Riprendiamo dal MANIFESTO di oggi, 10/11/2016, con il titolo "Su Gerusalemme 'qualcosa di sconvolgente' ", il commento di Michele Giorgio.
Le dichiarazioni di Massimo D'Alema a proposito di Gerusalemme sono in linea con la sua politica estera, da sempre filo-araba a oltranza (come dimenticarlo a braccetto dei terroristi di Hezbollah non molti anni or sono a Beirut?). E' significativo che sia il Manifesto a intervistarlo, un quotidiano schierato con il terrorismo palestinese contro Israele.
Il fatto che la sinistra israeliana incontri D'Alema, inoltre, spiega perché il partito laburista non governa più da molti anni. Che Herzog e Livni abbiano scelto come interlocutore della sinistra D'Alema,è molto grave. Ignoranza della politica italiana o mal consigliati. Non costituiranno mai un'alternativa credibile al governo Netanyahu se saranno la fotocopia israeliana di D'Alema. E una sinistra senza leader non è bene per la democrazia.
Ecco l'articolo:
Michele Giorgio
Massimo D'Alema con terroristi di Hezbollah
«I presidenti vanno giudicati all'opera e non sulla base delle dichiarazioni elettorali. Certo è che Trump in campagna elettorale ha detto di essere pronto a riconoscere il diritto di Israele di annettersi Gerusalemme, che sarebbe una ferita non solo per i palestinesi ma per l'intero mondo arabo e direi sarebbe un colpo alla libertà religiosa anche per i cristiani». Così l'ex presidente del consiglio Massimo D'Alema ha risposto a una domanda del manifesto sui riflessi in Medio Oriente della vittoria di Trump, durante la visita che ha fatto ieri alla scuola per i bambini beduini di Khan al Ahmar, costruita dalla ong Vento di Terra, minacciata di demolizione dalle autorità israeliane.
«Resto dell'idea che la Gerusalemme storica, dentro le mura, dovrebbe essere una città internazionale — ha aggiunto D'Alema - aperta a tutti e simbolo di convivenza e di pace.

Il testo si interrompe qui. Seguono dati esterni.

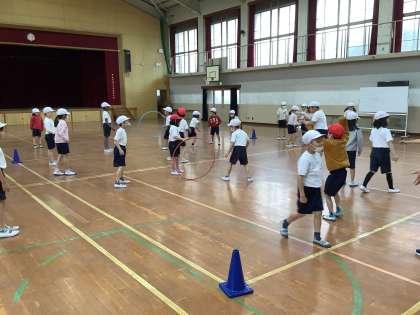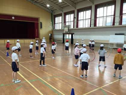 初めて活動する子もいましたが,フープを転がすお友だちの様子を見て真似をして,とてもじょうずに転がしていました。

Invece l'ebraizzazione e la progressiva espulsione dei non-ebrei dalla città di Gerusalemme secondo me aprirà una ferita drammatica». L'ex presidente del consiglio si è perciò augurato che Trump non riconosca come parte di Israele tutta Gerusalemme, inclusa la zona araba (Est) occupata durante la Guerra dei Sei Giorni nel 1967, e che comunque possa essere dissuaso dal farlo.
«Il presidente americano - ha detto - contrariamente a quello che si pensa non è un uomo onnipotente ma deve tenere conto di un complesso di condizionamenti, di forze. Bisogna sperare che le premesse non divengano realtà perché se così fosse tutto diventerebbe più difficile, più drammatico. Soprattutto — ha sottolineato - avverrebbe una cosa dagli effetti imprevedibilmente sconvolgenti. Il conflitto diventerebbe definitivamente religioso. Finché si tratta di un conflitto nazionale attraverso la divisione del territorio può trovare una soluzione. Se invece diventa un conflitto religioso che ha al centro addirittura una città simbolo come Gerusalemme non ci sarebbero soluzioni possibili. E questo avrebbe conseguenze molto gravi compreso il fatto di rilanciare il fondamentalismo islamico».
Ytzhak Herzog, Tzipi Livni
D'Alema nei giorni scorsi ha avuto incontri con alcuni esponenti politici israeliani, tra i quali l'ex ministra degli esteri Tzipi Livni e il capo dell'opposizione laburista Yitzhak Herzog, e con il presidente dell'Autorità nazionale palestinese Abu Mazen.